Being able to define the crucial oncogenic events in the founder clonal population could facilitate treatment strategies for early intervention to arrest MM progression. However, as the subclones responsible for MM are evident at the asymptomatic stages this poses the question as to why these patients are not symptomatic. A strong possibility is that further to intrinsic genetic factors, extrinsic factors such as the tumour microenvironment may also play an important role in defining both the subclonal architecture and the overall tumour cell burden for progression to clinical malignancy. The complex interactions of the tumour microenvironment with subclones provide signals that may support tumour growth or dormancy, which may influence their transformation [42,43,44,45,46,47,48,49]. Of note, a recent study from our group which used the C57BL/KaLwRij mouse model of MM, demonstrated habitual clonal dominance, where only a few establishing MM cells subsequently contributed to tumour burden while most remained dormant. This illustrates the strong selection pressures present within the BM microenvironment which plays a role in defining the clonal architecture [46].
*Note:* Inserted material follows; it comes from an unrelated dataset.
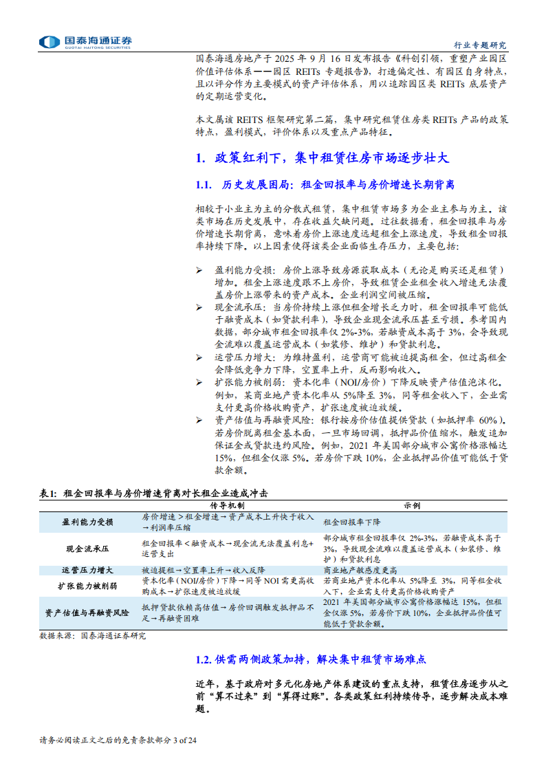 O国泰海通房地产于2025年9月16日发布报告《科创引领,重塑产业园区价值评估体系——园区REITs专题报告》,打造偏定性、有园区自身特点,且以评分作为主要模式的资产评估体系,用以追踪园区类REITs底层资产的定期运营变化。本文属该REITS框架研究第二篇,集中研究租赁住房类REITs产品的政策特点,盈利模式,评价体系以及重点产品特征。

The current standard of care at the asymptomatic stages involves monitoring patients, with no treatment options until they progress to symptomatic MM. Here our study has demonstrated that there is no significant shift in subclonal structure associated with MM progression. As such, subclonal populations present at MGUS/SMM diagnosis would be just as amenable to treatment, and eradication of these subclonal populations prior to disease transformation could delay progression and may provide the prospect of a durable cure [50]. However, we recognise that intraclonal heterogeneity has been shown to be characteristic of MGUS/SMM/MM, with multiple subclones having differing survival properties, therefore the risk of further mutation and tumour evolution due to drug selection pressures would eventually lead to relapse. Furthermore, intraclonal heterogeneity with clonal selection may not be the only defining evolution associated with progression of MM, with a recent study illustrating the involvement of spatial heterogeneity with regional site seeding and outgrowth resulting in progression [51]. Therefore, a combined longitudinal and spatial study of progression in patients would further elucidate genomic biomarkers of MM tumour evolution [52], although the ability to sample from multiple sites in asymptomatic patients has significant ethical and practical challenges.

Our findings reveal new insights into the genomic complexity and subclonal tumour evolution that is present from MGUS/SMM through to MM transformation. The existence of subclonality and clonal stability as a model of tumour evolution not only provides a more comprehensive understanding of the underlying biology of MM disease progression, but also new considerations required for patients at diagnosis and future therapeutic approaches to control this disease.